O'Reilly Media (, the current name for the geek publishing giant founded by Tim O'Reilly, has finally joined the Semantic Web.  O'Reilly's coining of the term "Web 2.0" and early misunderstandings of the Semantic Web stack lead some to think that he didn't see much value in machine readable information.  That seems to have changed, at least in within O'Reilly Labs.

O'Reilly Labs launched a Beta product last month called the O'Reilly Product Metadata Interface (OPMI), which is available at  The OPMI is a technical platform for the exchange of metadata between publishing trading partners.  Now that it is in RDF and publicly accessible, the rest of us can play with it, too.

It is easy to retrieve RDF/XML describing any book that O'Reilly publishes. You simply perform an HTTP GET on a URL constructed with the book's International Standard Book Number (ISBN). Every edition of a published book has an ISBN and they come in two flavors, the older 10-digit variety and the newer 13-digit version.

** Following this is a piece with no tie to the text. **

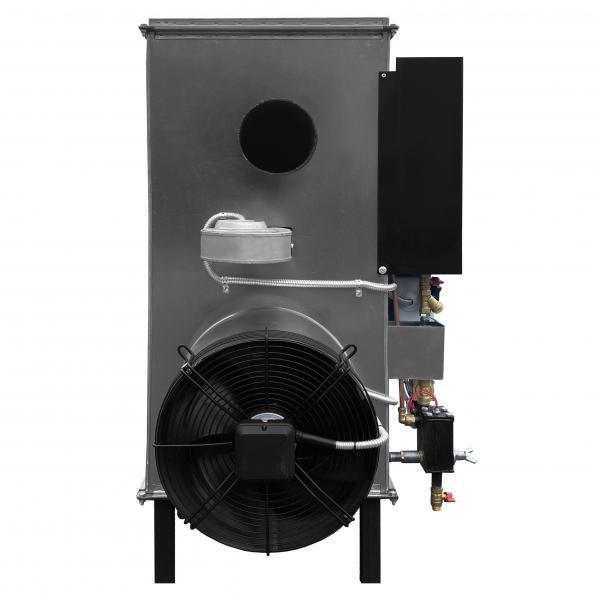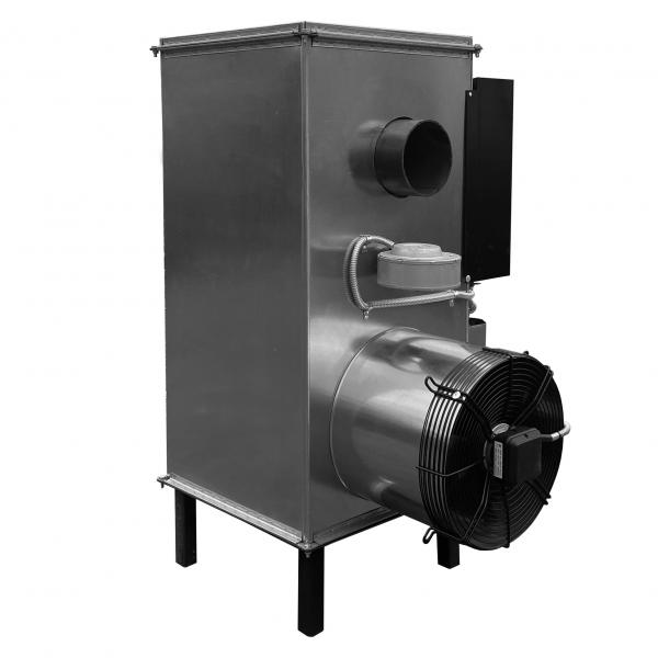 Мощность регулируется от 10 до 60 кВт, что позволяет адаптировать печь под любую площадь — от небольшого бокса до просторного ангара (до 3000 м³).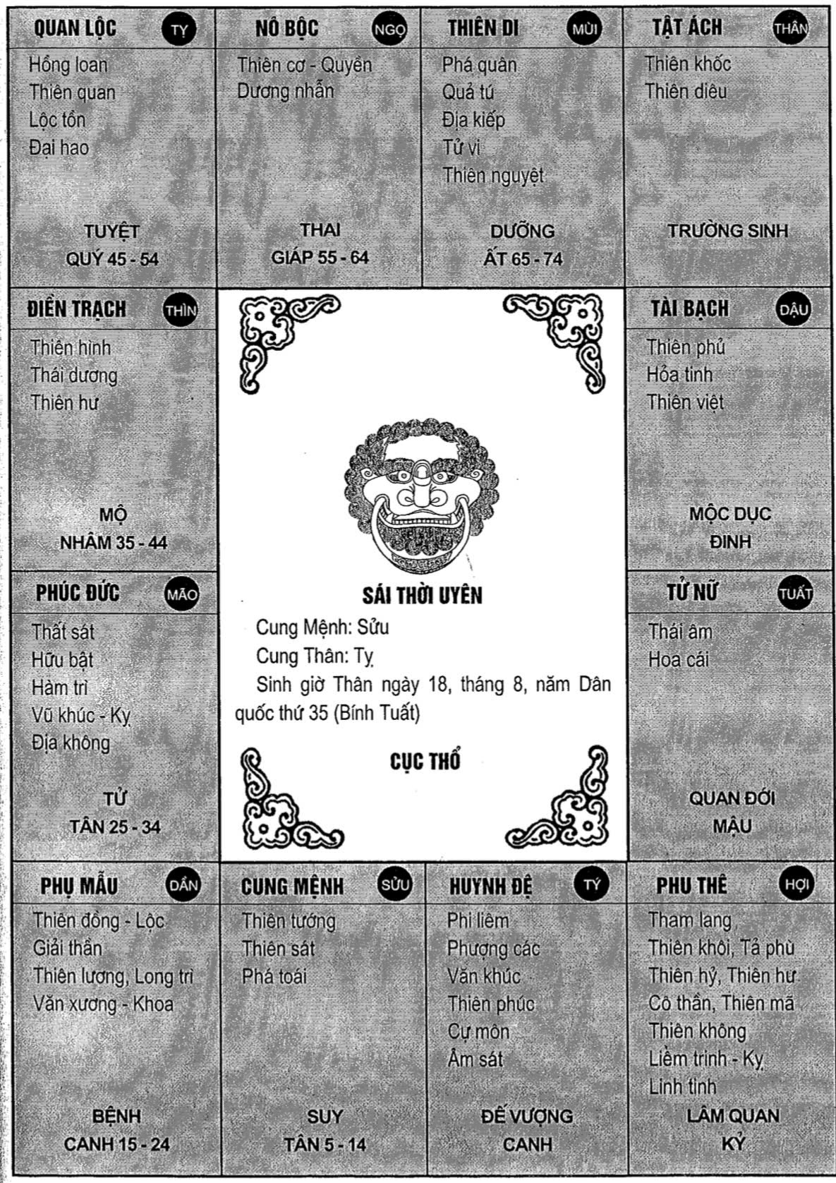 Sái Thời Uyên có Thiên Hình tại Nhâm, cung Quan Lộc tại Thân, can cung là Bính, Tứ Hóa của Bính là Đồng, Cơ, Xương, Liêm. Liêm Trinh - Hóa Kỵ nhập cung Phu Thê, vợ chồng duyên phận bạc bẽo, lại xung với cung Quan Lộc, cho nên gặp họa lao tù.

All ISBNs issued after 1 January 2007 have been 13 digits. Some books are assigned both forms by their publishers for convenience during the transition.

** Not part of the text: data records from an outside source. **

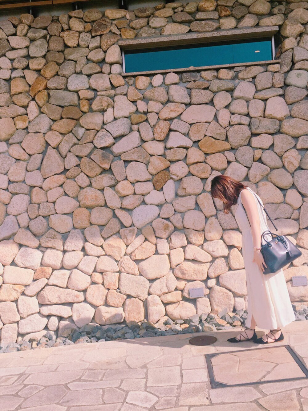 白のワンピースにレースアップシューズで シンプルコーデ。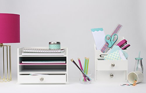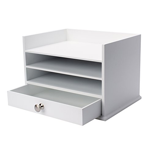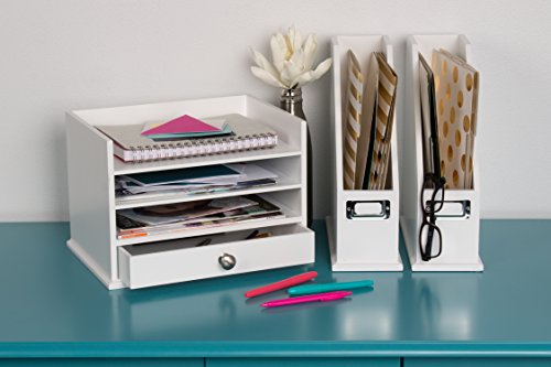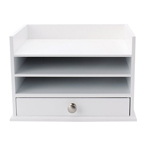 -. Binding : Office Product -. Brand : DesignOvation -. Feature : Decorative letter tray perfect for desktop organization in office, home office, or kitchen / Desktop tray organizer with has three letter trays and a drawer that hold standard 8.5x11 paper / Desktop display dimensions are 13.375 inches wide by 9 inches high by 9.75 inches deep / Contemporary style desk organizer to keep all your mail or papers organized or hidden in the drawer / Office organizer is constructed of manufactured wood with decorative metal drawer pull -. Label : Uniek -. Manufacturer : Uniek -. PackageQuantity : 1 -. ProductGroup : Office Product -. ProductTypeName : OFFICE_PRODUCTS -. Publisher : Uniek -. Studio : Uniek -. Title : DesignOvation Francesca Desktop Organizer with 3 Letter Trays and Drawer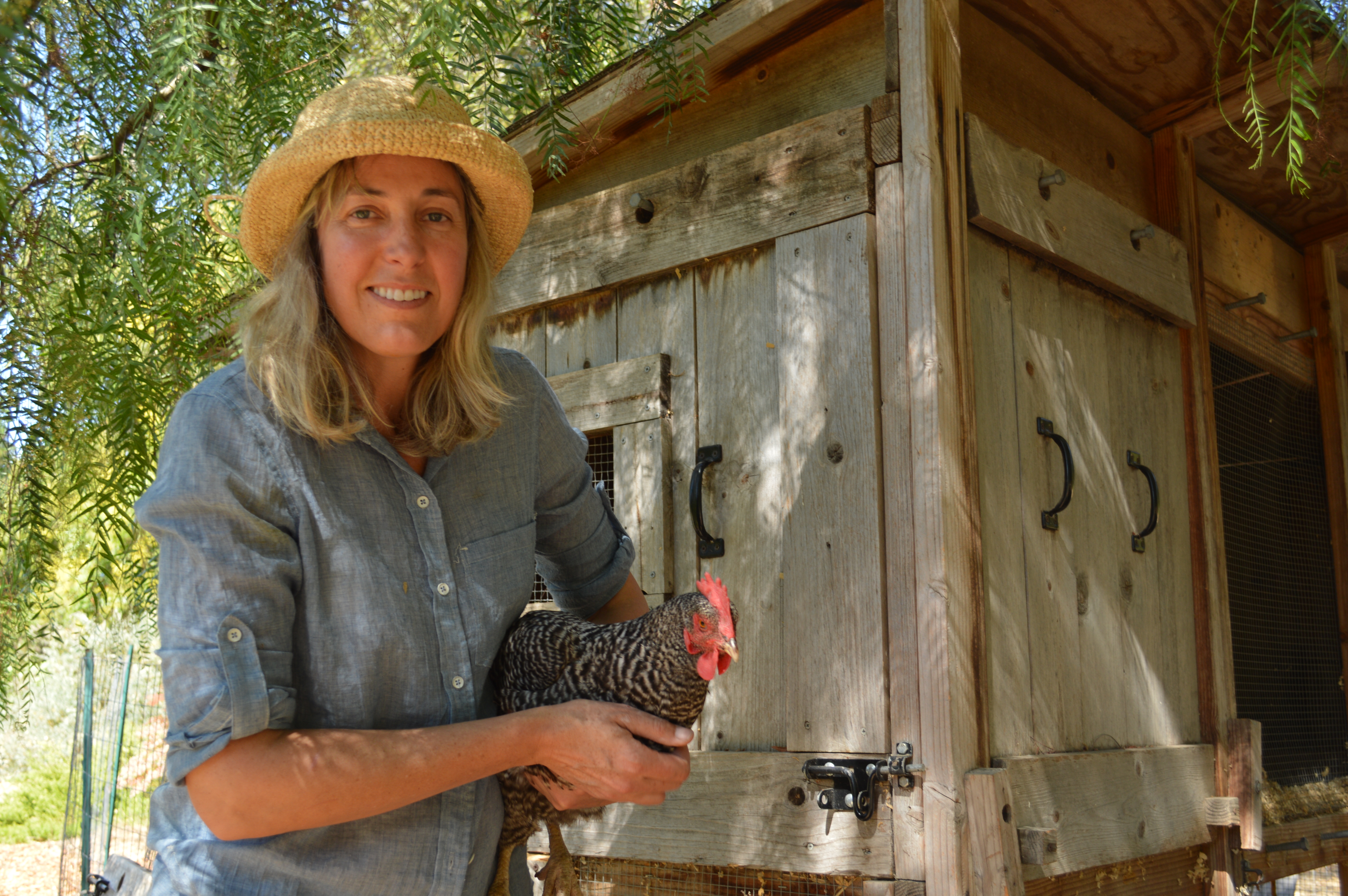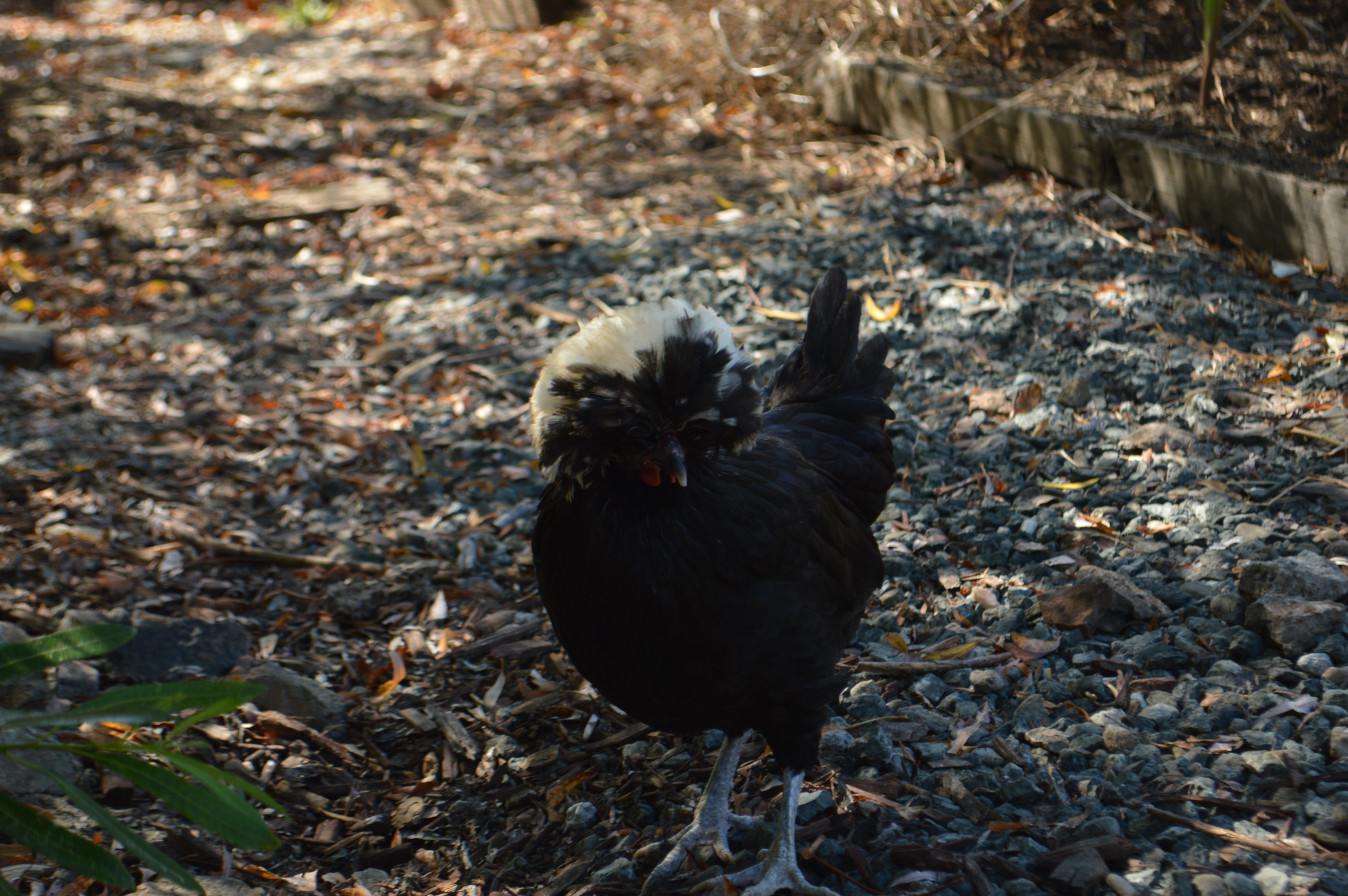 Rustic and low-tech with minimal investment, Campo Cluckers coop is situated in a former apricot orchard beaneath a mature pepper tree. The coop is a very sturdy 4’x8′ two story wood structure that was acquired two years ago from Stanford Community Garden when it was relocated. The four hens who inhabit the coop were received from a neighbor. They’ve been with us since April and they are about 3-1/2 years old. The occupants are “Chuckles” an Ameraucana who lays turquoise eggs; “Red” our Rhode Island Red and “Flecks”, the Plymouth Rock both lay light brownish-tan eggs and “Cher” aka “Snowball” is the Polish Crested hen who lays white eggs, when she lays them.

For example, let's get the metadata description of an O'Reilly book I wrote, Programming Internet Email. The 13-digit ISBN for the second edition of the paperback is 9781565924796, and the 10-digit equivalent is 1-56592-479-7. The OPMI nicely works with either one, but the returned RDF uses the modern 13-digit one as canonical, as it should.

The URL for any O'Reilly book is followed by its ISBN, in this case 9781565924796. The full URL is thus

An HTTP GET may be done with any Web browser, of course, or on a command line by use of the curl utility:

$ curl

The returned RDF includes a wealth of information about the book. The OPMI uses four vocabulary descriptions in its RDF: Dublin Core for describing books (title, subject, language, etc), Friend-of-a-Friend (FOAF) for describing people associated with those books, the library community's MARC (MAchine Readable Cataloging) relator codes for relating people and books and the Metadata Object Description Schema (MODS) for specifying the edition of a book. MARC and MODS come from the Library of Congress and are traditionally used in library cataloging systems.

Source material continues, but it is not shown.